▸ **Your task**
Your task is to retype the lines from the opening of the material through the line that includes "Kraak je hersenen!". Do not copy the pictures.
Information provided section start
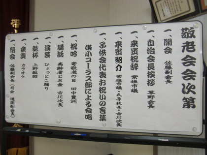 多彩な内容の楽しい敬老会を催してくださった、自治会の役員の方、婦人会、子供会、民生委員の皆さん、ほんとにありがとうございました。
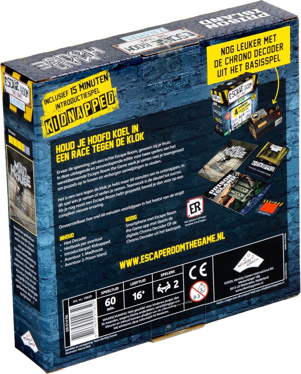 Kraak je hersenen! Teamwork, communicatie, vindingrijkheid, creativiteit, logica en aandacht voor details staan centraal in dit spannende spel. Lukt het jou om binnen de tijd te ontsnappen?
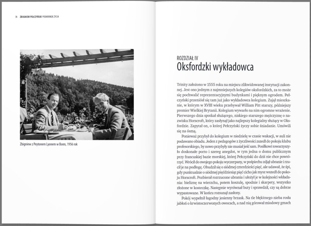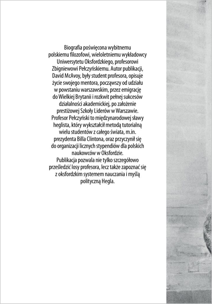 Zbigniew Pełczyński. Podarunek życia to składająca się z jedenastu rozdziałów książka biograficzna poświęcona wybitnemu polskiemu filozofowi, wieloletniemu wykładowcy Uniwersytetu Oksfordzkiego, profesorowi Zbigniewowi Pełczyńskiemu. Autor publikacji, David McAvoy, były student prof. Pełczyńskiego, opisuje życie swojego mentora, począwszy od jego młodości przypadającej na okres II wojny światowej, związanej z udziałem w powstaniu warszawskim, aż po emigrację do Wielkiej Brytanii i rozkwit niezwykłe bogatej, pełnej sukcesów działalności akademickiej profesora. Książkę uzupełnia kilkadziesiąt zdjęć pochodzących m.in. z archiwum rodzinnego.
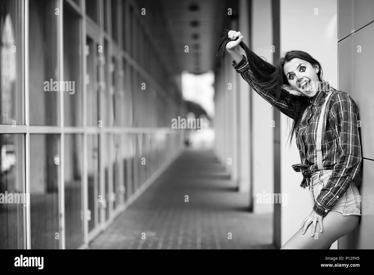 Cute Girl In A Clown Makeup On A Background Black And White Photo
Information provided section end
▸ **Solved problem**
 多彩な内容の楽しい敬老会を催してくださった、自治会の役員の方、婦人会、子供会、民生委員の皆さん、ほんとにありがとうございました。
 Kraak je hersenen! Teamwork, communicatie, vindingrijkheid, creativiteit, logica en aandacht voor details staan centraal in dit spannende spel. Lukt het jou om binnen de tijd te ontsnappen?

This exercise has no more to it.